The best indicator I had was the nature of the crystals that were developed. I always started my cell sans copper. It accumulated fast enough that I didn't wish to lose any production. Initially, the deposit of silver was strongly attached to the cell, and often was a solid sheet. It would strip, but required a little effort. I used to use a fiber glass scarper (shop built, with a stainless handle) to remove the deposit. As the copper level climbed, the deposit turned more towards crystals, and were attached much looser.

When the copper level approached being too high, the nature of the deposit changed drastically. Instead of growing crystals, my particular setup would start growing thin strands of silver, much like strands of steel wool. That was a sure sign it was time to change electrolyte, and usually came at the end of the anode's life.

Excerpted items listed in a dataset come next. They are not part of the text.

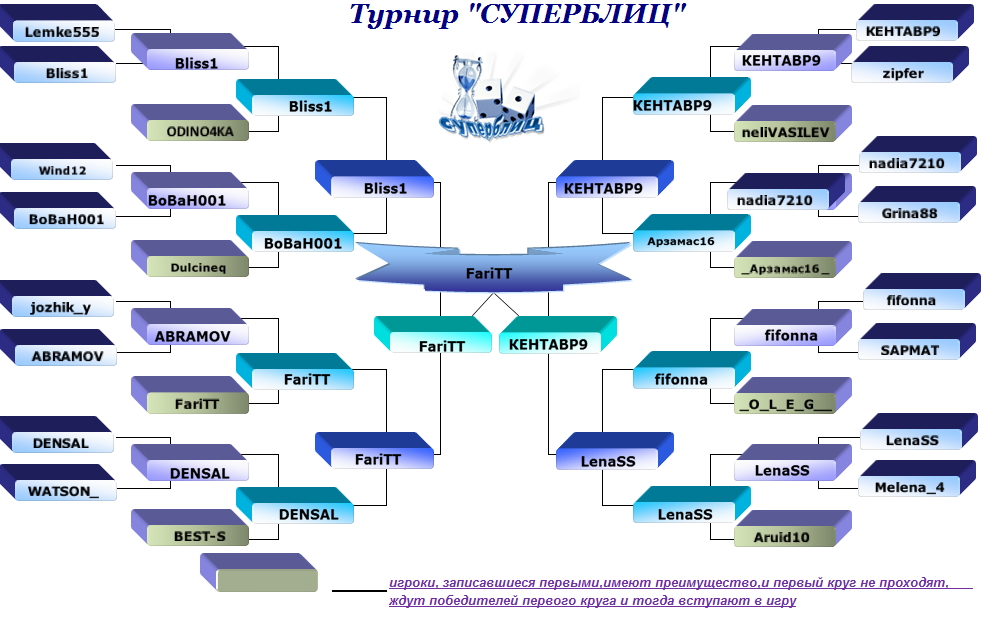 | Турнир "СУПЕРБЛИЦ" . Игры проходят каждый четверг. Начало игры в 20:00 по Москве. В турнире принимают участие первые записавшиеся 8, 16 или 32 игрока.
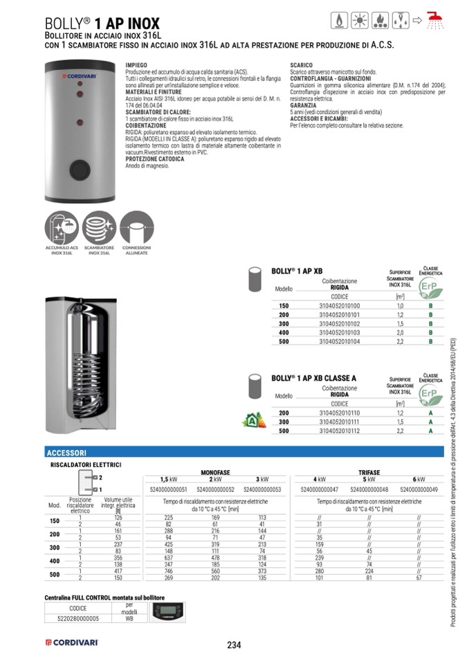 Produzione ed accumulo di acqua calda sanitaria (ACS).
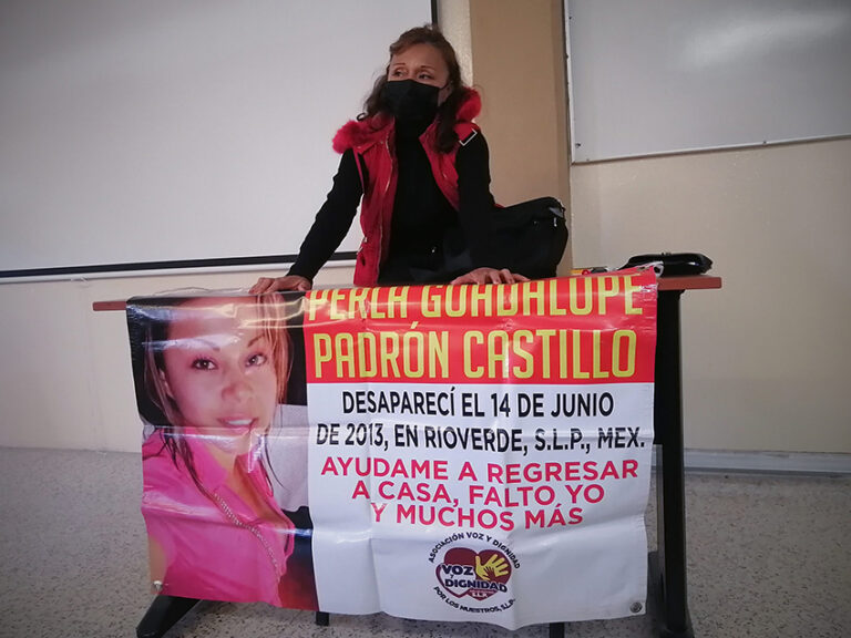 “Lamentablemente, el temor hizo que se callaran los rumores, pero estos señalamientos no son nuevos. Desde el 2012 se escuchaba de la conexión entre las policías y las desapariciones. Antes era un grito silencioso y hoy, por fin, está en el dominio público”, comenta Tere Castillo. Ella, desde 2013, busca a su hija Perla Padrón, desaparecida en junio de ese año junto a su esposo, José Alberto Gallegos. Ambos desaparecieron en el municipio de Rioverde.
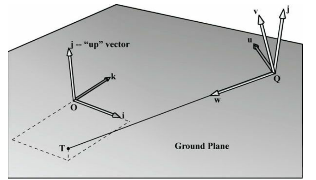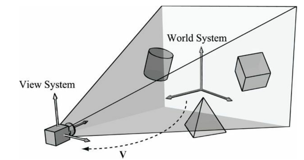 变换矩阵是通过与顶点坐标(或向量)进行矩阵乘法来实现对顶点的变换,变换得到的顶点坐标(或向量)为在原坐标系下对应的坐标。
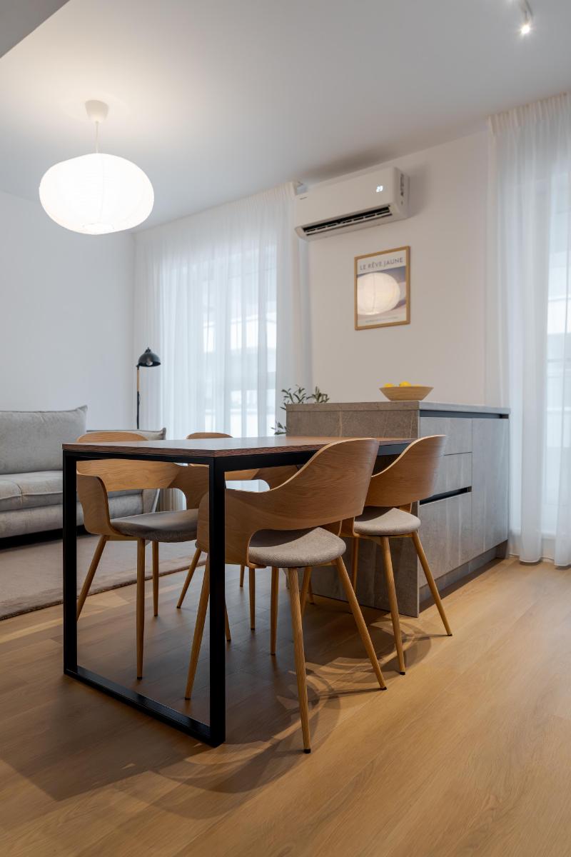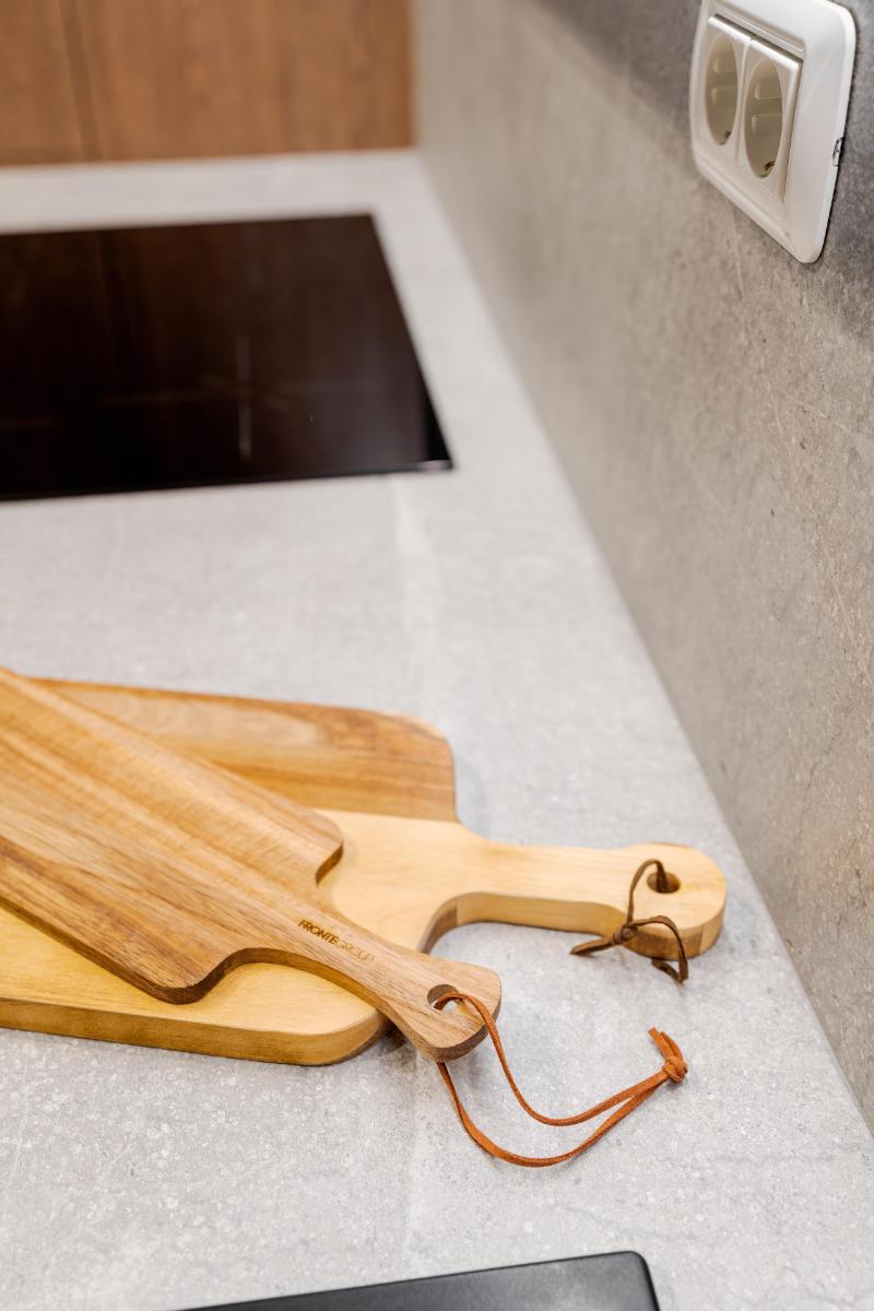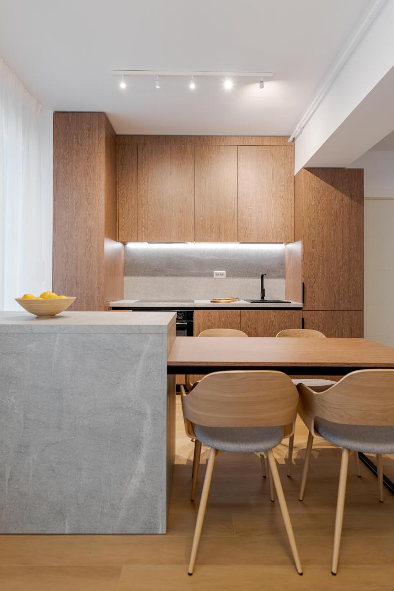 Rezultatul este o bucătărie contemporană, personalizată în detaliu, unde fiecare element contribuie atât la funcționalitate, cât și la crearea unei atmosfere calde și primitoare.
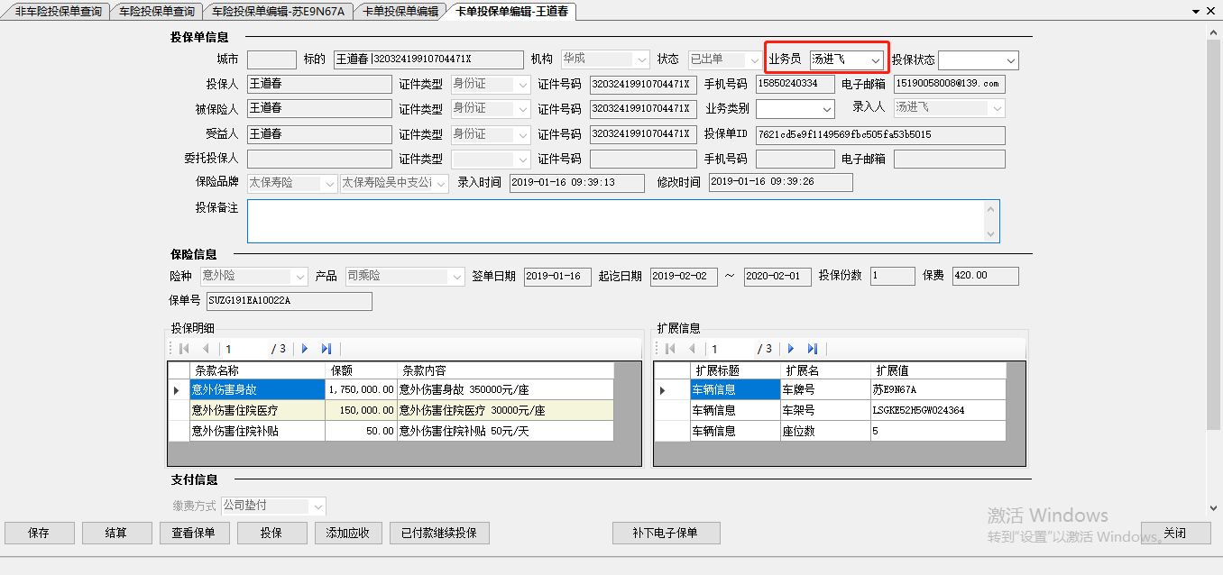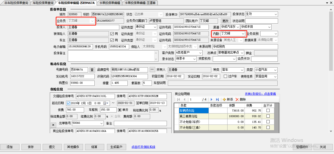内容:在车险投保单页面生成非车险投保单,默认带入的业务员为录入人姓名。
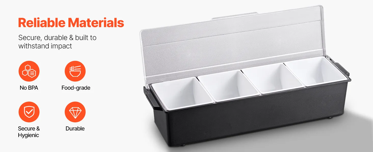 Easy to Clean: Both the food containers and outer casing of our bar condiment tray with lid are easy to disassemble, allowing for quick and thorough cleaning after each use for easy maintenance
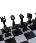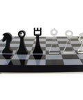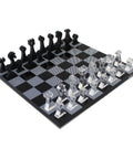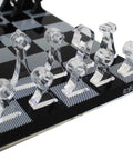 • Pieces: Black and transparent acrylic chess pieces for bold visual clarity

To insure that the production was pure, I always dissolved the fine strands, along with crystal. The strands, being the last to be grown, were an excellent measure of the over-all quality, usually yielding a clear solution. Any crystal harvested from a batch that made an off color electrolyte was placed back in the basket, with an anode placed on top. The crystal was parted a second time to insure purity. There was no need to melt.

I believe I have discussed this previously, but old age is taking a toll on my memory.

Harold

P.S.
Four scotches?

Damn, that sounds good! :)
 
Harold_V said:
By boiling, all traces of the big red cloud were removed from the solution, yielding a clear color
This is important in that the color of the solution while driving out the gases and hot will resemble that of a slight palladium contamination. Until cool it can also have a slight bluish green hue that looks like a slight copper contamination.

Harold_V said:
Running an anode that was too heavily concentrated in platinum group metals was occasionally a problem, causing a trace of palladium to co-deposit
I have not found to date any PGM other than palladium in my electrolyte. When one is concerned about palladium due to feedstock, DMG will tell the tale. Nickel can be a problem as well but is seldom seen unless running material from white gold inquartations in my experience.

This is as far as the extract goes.